One thing you can do in the uniform case is shorten the interval to at most length 1/2. Not sure if that's face-smacking enough.
You can do better than that. If the distance between the two data points is 7/4, you can shrink the 100% confidence interval to 1/4, etc. (The extreme case is as the distance between the two data points approaches 2, your 100% confidence interval approaches size zero.)
EDIT: whoops, I was stupid. Corrected 3/4 to 7/4 and 1 to 2. There, now it should be right
Do we know the heights of the men A and B? If so, we can get a better estimate of whether c lies between their heights by taking into account the difference between A and B...

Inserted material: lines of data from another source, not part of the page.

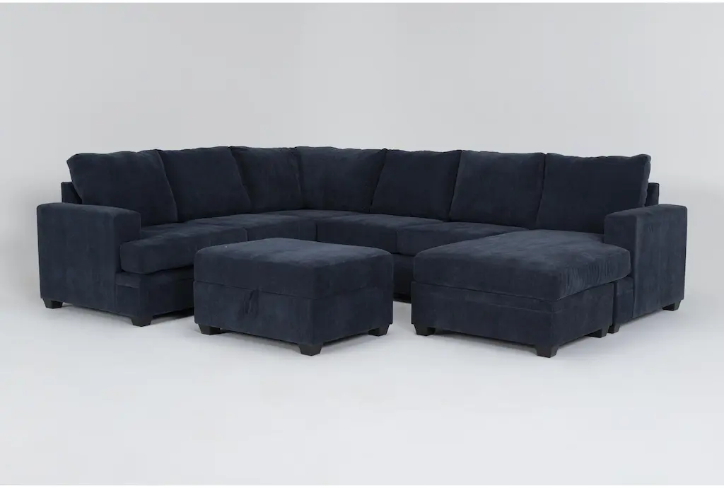 Bonaterra Midnight Navy Blue Fabric 127" 2 Piece U-Shaped Sectional With Left Arm Facing Queen Memory Foam Sleeper Sofa Bed Chaise & Right Arm Facing Corner Chaise
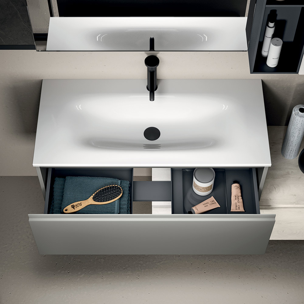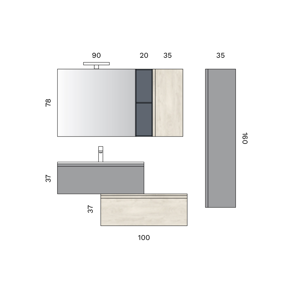 Kompozycja interpretuje współczesne wyposażenie łazienek za pomocą minimalistycznego języka architektonicznego, gdzie solidne bryły i otwarte przestrzenie współistnieją w idealnej równowadze. Odważny projekt, idealny do nowoczesnych i eleganckich wnętrz.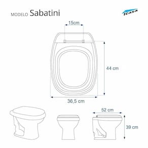 Instalação Simples e Rápida: Com todos os parafusos e componentes necessários inclusos, a instalação é rápida e descomplicada. Seu novo assento estará pronto para uso em questão de minutos. Desenvolvido especificamente para o modelo Sabatini da marca Icasa, com ou sem caixa acoplada, proporciona um encaixe perfeito, oferecendo estabilidade e conforto durante o uso.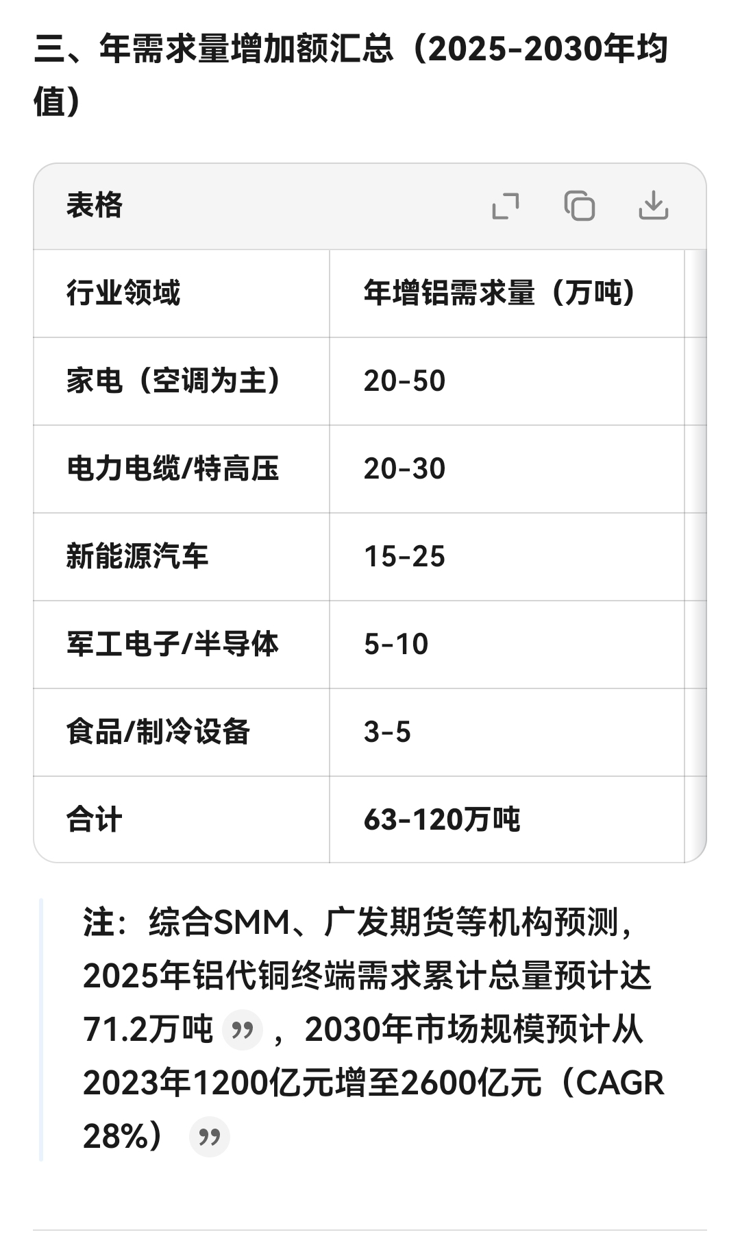 $焦作万方(SZ000612)$ 中国不再允许新增电解铝产能。铝代铜新增需求见表。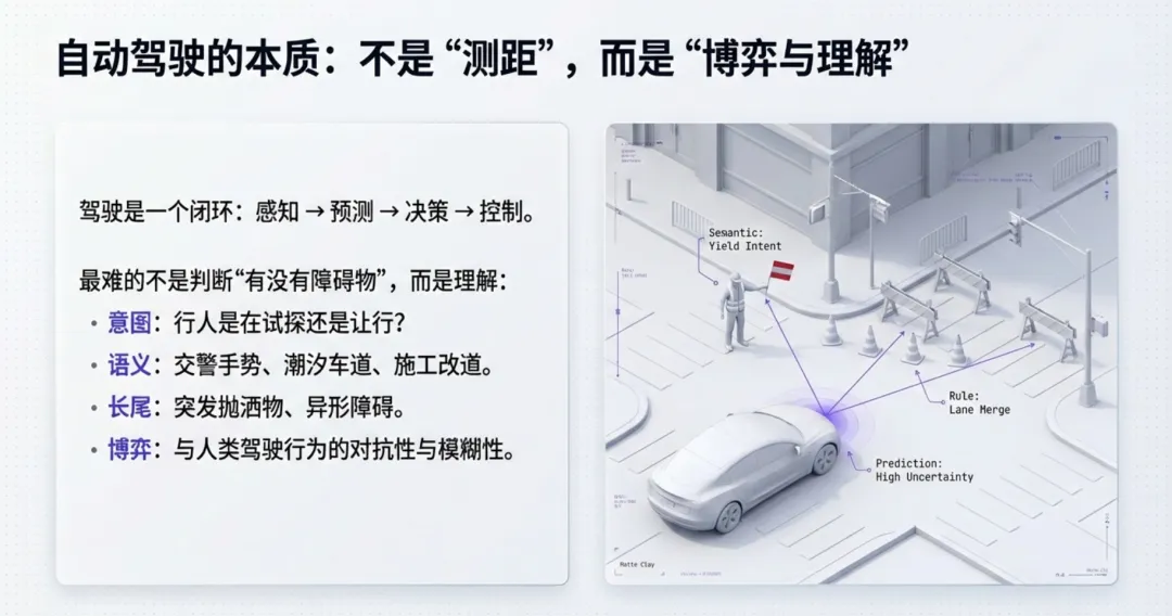 现在很多厂商宣传自己能看几百米,但这只是感知层面的“几何精度”。自动驾驶真正的瓶颈不在于测距,而在于“理解世界”。, 比如前车一个微小的试探性变道意图、施工路段交警的一个模糊手势、或者是潮汐车道上的博弈。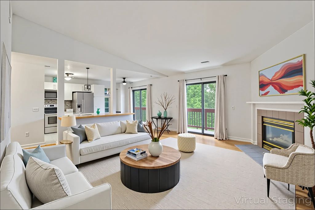 Modern Comfort Meets Move-In Ready Charm! Step into this beautifully updated 2-bedroom, 2-bath condo that perfectly blends style and convenience. The heart of the home-a sleek, contemporary kitchen-features crisp white cabinetry, a classic subway tile backsplash, stainless steel appliances, and stylish light fixtures that elevate the space. Freshly painted with hardwood floors throughout, the unit boasts soaring ceilings, a cozy gas-starter fireplace, and a skylight that floods the living space with natural light. Step out onto your spacious private balcony-perfect for morning coffee or entertaining guests. Enjoy peace of mind with a newer A/C unit, newer water heater, and an attached garage plus an additional outdoor parking spot. The primary suite offers a full bath for added privacy and comfort. Located in a well-managed, pet-friendly association that allows rentals-ideal for homeowners and investors alike! Just a short distance to grocery stores, shops, and everyday conveniences.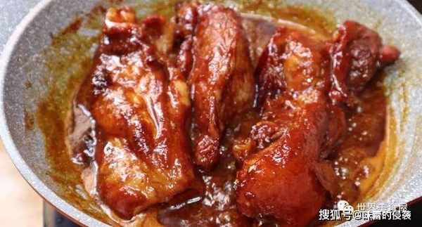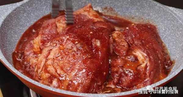 8、半小时后,汁水都渗入猪肉中,变成了酱黄色,味道很香。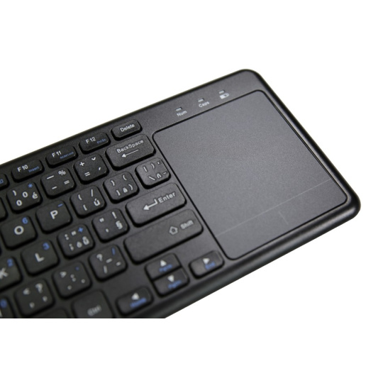 Všestranná 2.4GHz bezdrátová klávesnice s Touchpadem. Ideální pro ovládání Smart televizí, multimediálních center, HTPC počítačů, apod. Můžete také použít s notebookem nebo klasickým PC, pokud chcete dálkově ovládat svůj počítač.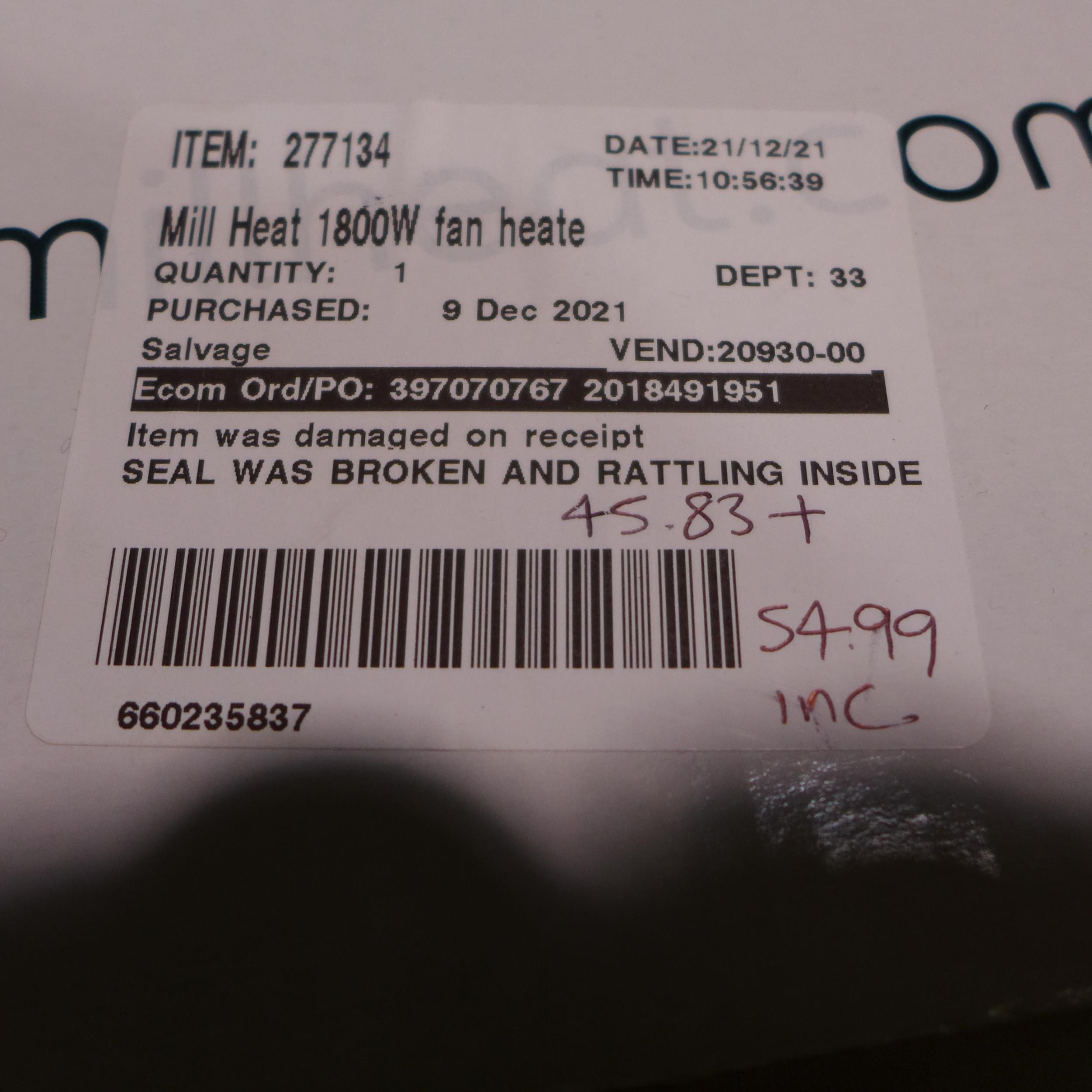 Mill 1800W PTC Fan Heater (model no.:- CUS1800MECWA) (246-18...

That's the basic idea. Now apply it in the case of the uniform distribution.
If all men are (say) within 10 cm of each other, and the heights are uniformly distributed...
... if we have two men who are 8 cm apart, then c lies between their heights with 80% probability?
Getting there... 80% is too low.
Wait, what? It must be 100%...
That's it. The so-called 50% confidence interval sometimes contains c with certainty. Also, when x_max - x_min is much smaller than 0.5, 50% is a lousy summary of the confidence (ETA: common usage confidence, not frequentist confidence) that c lies between them.
If it's less than 0.5, is the confidence simply that value times 2?
"Confidence" in the statistics sense doesn't always have much to do with how confident you are in the conclusion. Something that's the real line in half of all cases and the empty set in the other half of all cases is a 50% confidence interval, but that doesn't mean you're ever 50% confident (in the colloquial sense) that the parameter is on the real line or that the parameter is in the empty set.
The Credible interval article on Wikipedia describes the distinction between frequentist and Bayesian confidence intervals.
The interesting thing about the confidence interval I'm writing about is that it has some frequentist optimality properties. ("Uniformly most accurate", if anyone cares.)
Whoops -- "confidence" is frequentist jargon. I'll just say that any better method ought to take x_max - x_min into account.